Here is a thriller scary enough to test its readers’ mettle—and toughen them up ... Like Kate Atkinson in her Jackson Brodie series, King writes a procedural with Dickensian scope ... From vaccinations to the Capitol riot, Holly charges into the thorniest contemporary debates with gleeful recklessness. With the same abandon, King bends the rules of a procedural, not least by revealing the perpetrators’ identities in the opening chapter...King’s gambles pay off: Knowing the professors’ culpability only gives the narrative more urgency, especially as the gruesome nature of their crimes becomes horrifyingly clear ... What makes King’s work so much more frightening than that of most other suspense writers, what elevates it to night-terror levels, isn’t his cruelty to his characters: It’s his kindness. King describes his characters’ interior landscapes, their worries and plans, with a focus like a giant benevolent beam. You can sense the goodness running through them, and that current of goodness is what makes the acts of violence so disturbing.
King has never been shy about his politics, but Holly is one of his most political novels to date, and it'll' surely anger all the right people. Holly is a gripping crime novel, but it's one that's very close to the horror aesthetic King is known for ... the way the narrative is constructed and the layering of characters and their gruesome ends are all reminders that King is also a superb crime/mystery writer who easily navigates the interstitial space where all dark genres meet ... a testament to King's talents as a writer and a stark reminder of what can happen when writers allow the magic that inhabits their characters to blossom unimpeded by their original plans for them. Please, Mr. King, give us more Holly soon.
The novel is not so much a whodunit as a whydunit, moving between Holly in the present and each of the Harrises’ victims over the years. Each capture is evoked in devastating detail ... Lyrical and horrifying, Holly is a hymn to the grim pursuit of justice. The detective’s dogged search for truth drives the book; Covid-19, Black Lives Matter, Trump and the 6 January insurrection are all persistent themes. Even the Harrises are railing against the injustices of time and age. And the novel itself is striving towards an expulsion of poison, and a healing.
...an insightful deep dive into understanding the author’s fan-favorite private eye ... A number of subplots arise, Holly comes to grips with longtime family issues while also struggling with her confidence working the case, and the novel loses some focus and momentum in the middle before story lines come together and steamroll toward the end ... While it might fall short of top-tier King, Holly satisfies as a fitfully freaky thriller, a solid exploration of the title character as a soulful beacon of hope, and a reminder of how important it is to answer that call when it comes.
The narration is engrossing and inviting, the characters lived-in and tactile, and the dark deeds at the core of the mystery satisfyingly eerie. But what makes Holly work is more than the thriller aspects of the narrative. What called King back to the title character was not just her voice and her mind, but what someone like Holly Gibney would make of the rapidly changing world we’ve all lived in for the past three years ... You can go into Holly looking for nothing more than a satisfying howcatchem mystery, and you’ll certainly get that, but throughout the narrative King is also keenly aware of the ways in which the pandemic made us view each other differently ... Tense, satisfying, and rich with detail, Holly is proof not just that King had more to say about the title character, but proof that Holly herself has much more to tell us, and perhaps many more mysteries to solve.

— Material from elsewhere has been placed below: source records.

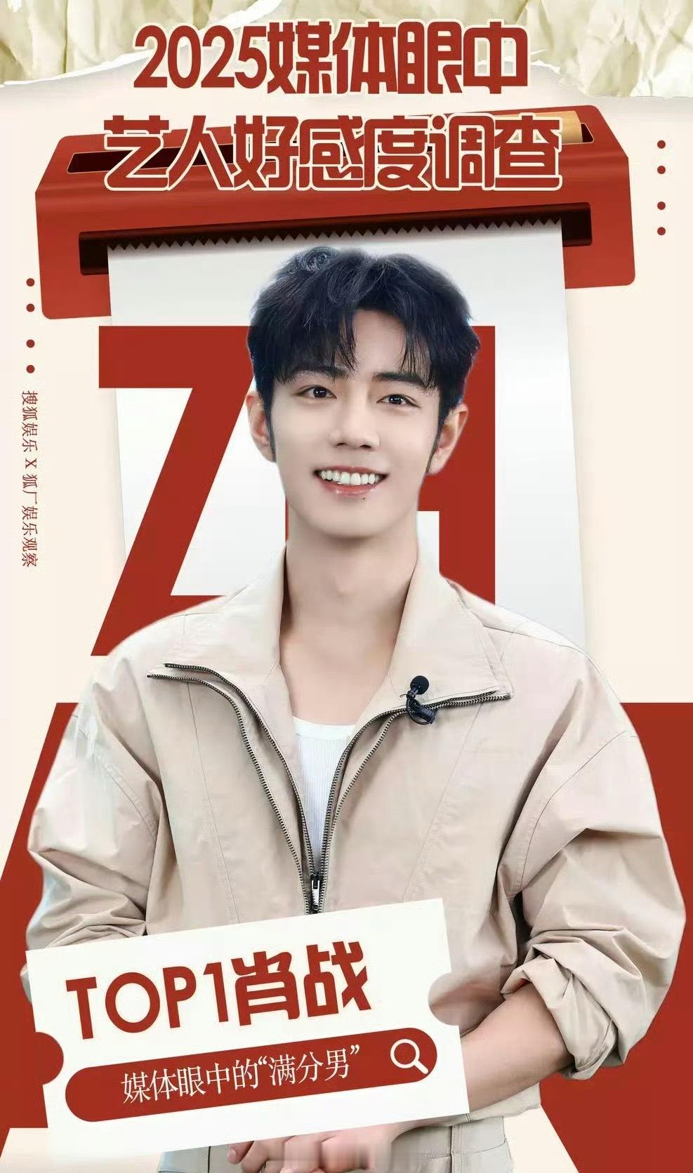 2025媒体好感艺人top1肖战“有思考有输出、认真做演员很有规划、对突发事件也都很尊重和包容、有礼貌很真诚言之有物”
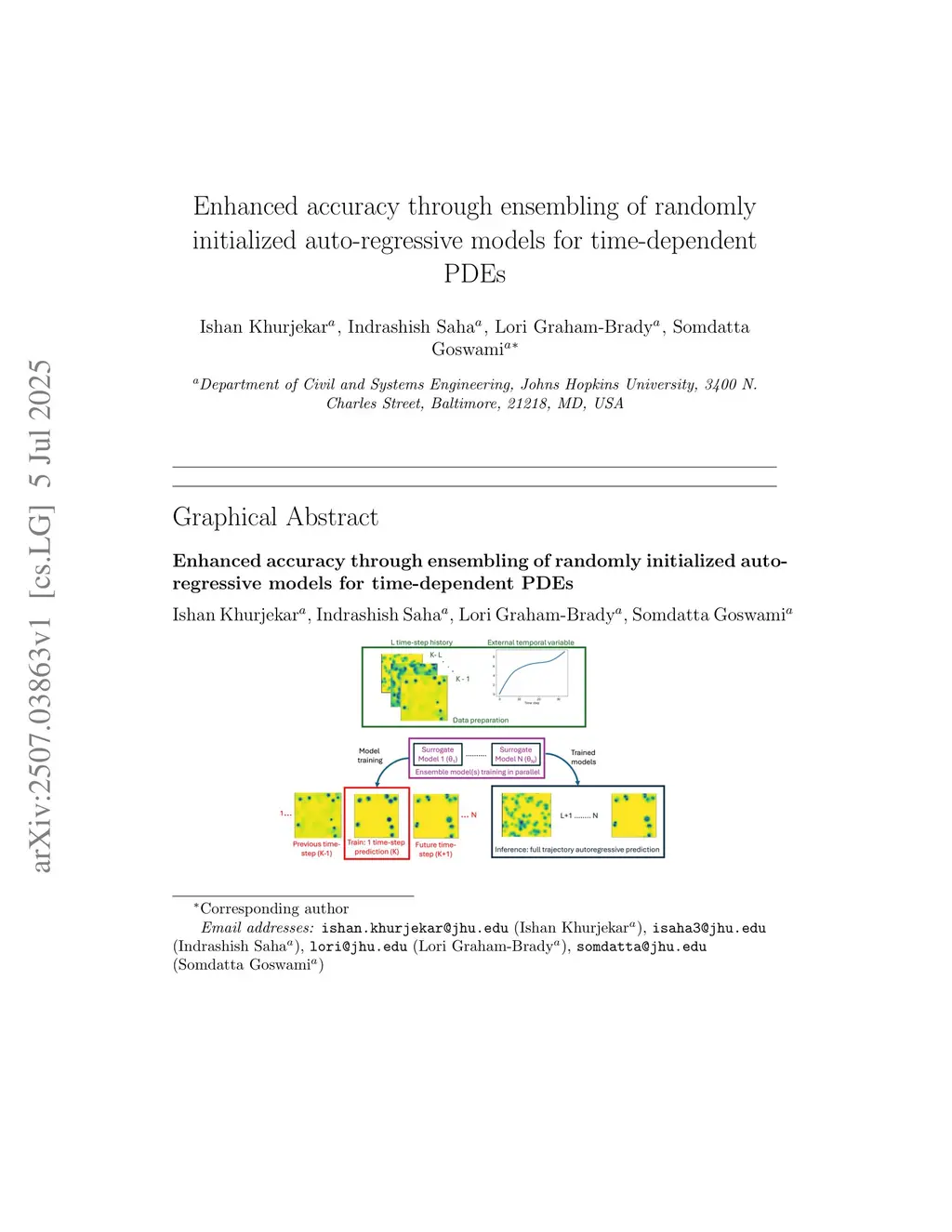 Enhanced accuracy through ensembling of randomly initialized auto-regressive models for time-dependent PDEs
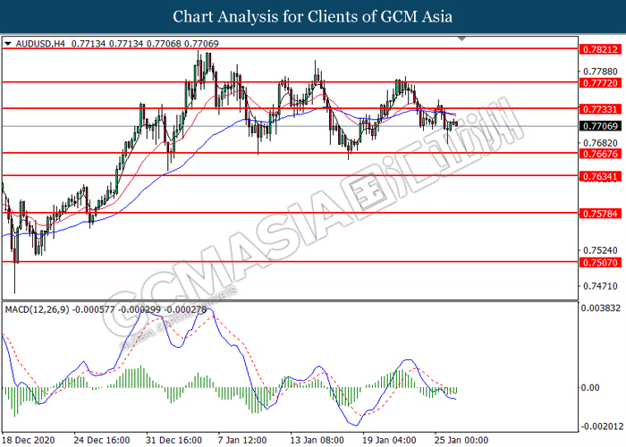 AUDUSD, H4: AUDUSD telah didagang dengan lebih rendah selepas ia berundur dari tahap rintangan di 0.7735. Namun, MACD yang memaparkan momentum bearish yang berkurangan mencadangkan pasangan ini untuk melanjutkan keuntungannya dan menuju ke arah tahap rintangan di 0.7735.
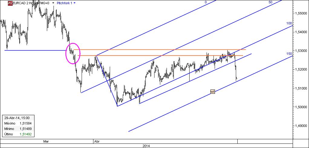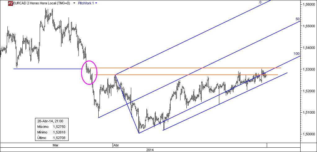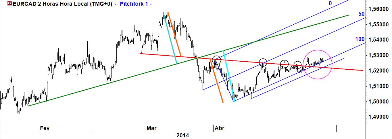 Em perseguição de uma oportunidade especulativa no eurcad 120 m, dado que o preço venceu, após várias tentativas, um nível de resistência (linha vermelha).
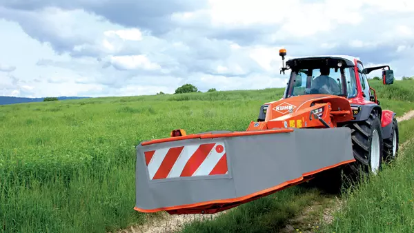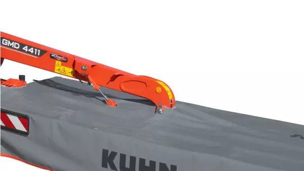Lorsque la barre de coupe glisse le long du sol, elle subit inévitablement des contraintes vers l'arrière (1). Plus ces contraintes s'intensifient, plus l'allègement du groupe du fauche augmente (2), s'adaptant de fait aux dénivellations du terrain. Cela apporte deux avantages : la préservation du tapis végétal et une introduction moindre d'impuretés dans les andains de faucheuses.
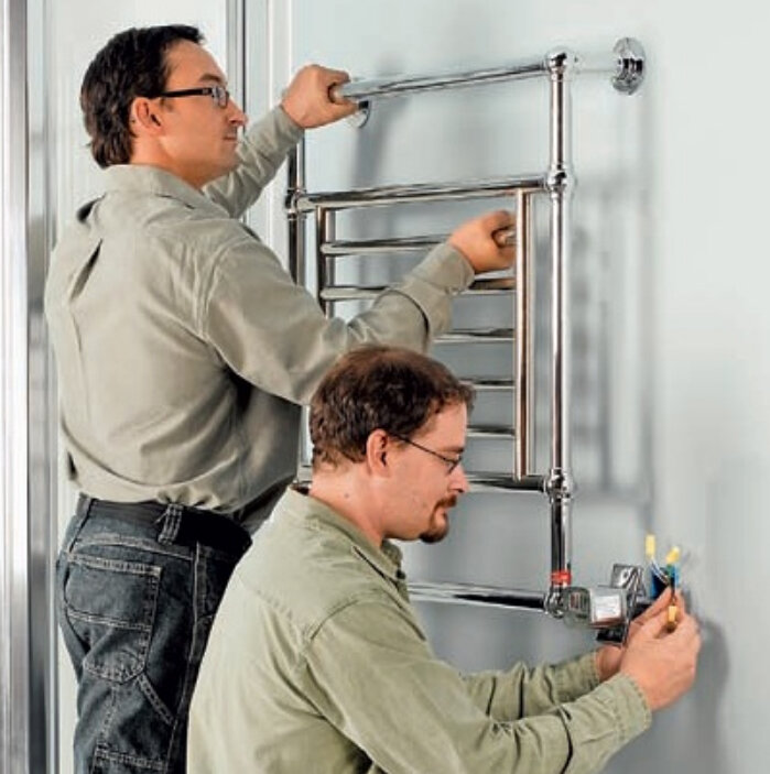 Plus pratiques à cet égard, les modèles électriques peuvent être placés sur n'importe quel mur de la salle de bain, à l'exception de l'espace autour des sources d'eau. Mais trouver de l'espace libre pour une bobine supplémentaire n'est pas toujours possible.

It’s not critical that the reader have read the prior novels in the series to follow the story and to quickly pick up on the characters that provide Holly with her support structure. They do, however, lay the foundation for an appreciation for who Holly Gibney was at the start and how far she has come ... Great storytellers do more than entertain. They educate, they provoke, and they challenge our preconceived notions. Stephen King is Exhibit A. Presumably most readers view themselves as decent human beings, but how far would anyone go out of self-preservation? As the saying goes, getting old ain’t for sissies. Neither is reading Stephen King.
Opening up a new Stephen King novel and encountering his conversational prose is like settling into a comfortable chair or digging into a favorite meal. There’s an immediate sense of satisfaction. In her new leading role, Holly shines. She’s tough, relentless, and compassionate while at the same time being vulnerable and prone to lapses of confidence. The story is the kind of thing King excels at, too—dark, mysterious, and deeply unsettling. This is the novel Holly deserves.
...it’s possible that even his hardcore fans might find this story a bit slow. There are also issues in terms of style. Much of the language King uses and the cultural references he drops feel a bit creaky ... But the biggest problem is that this narrative is framed as a mystery without delivering the pleasures of a mystery. The reader knows who the bad guys are from the start. This can be an effective storytelling device, but in this case, waiting for the private investigator heroine to get to where the reader is at the beginning of the story feels interminable. Loyal King stans may disagree, but this is a snooze.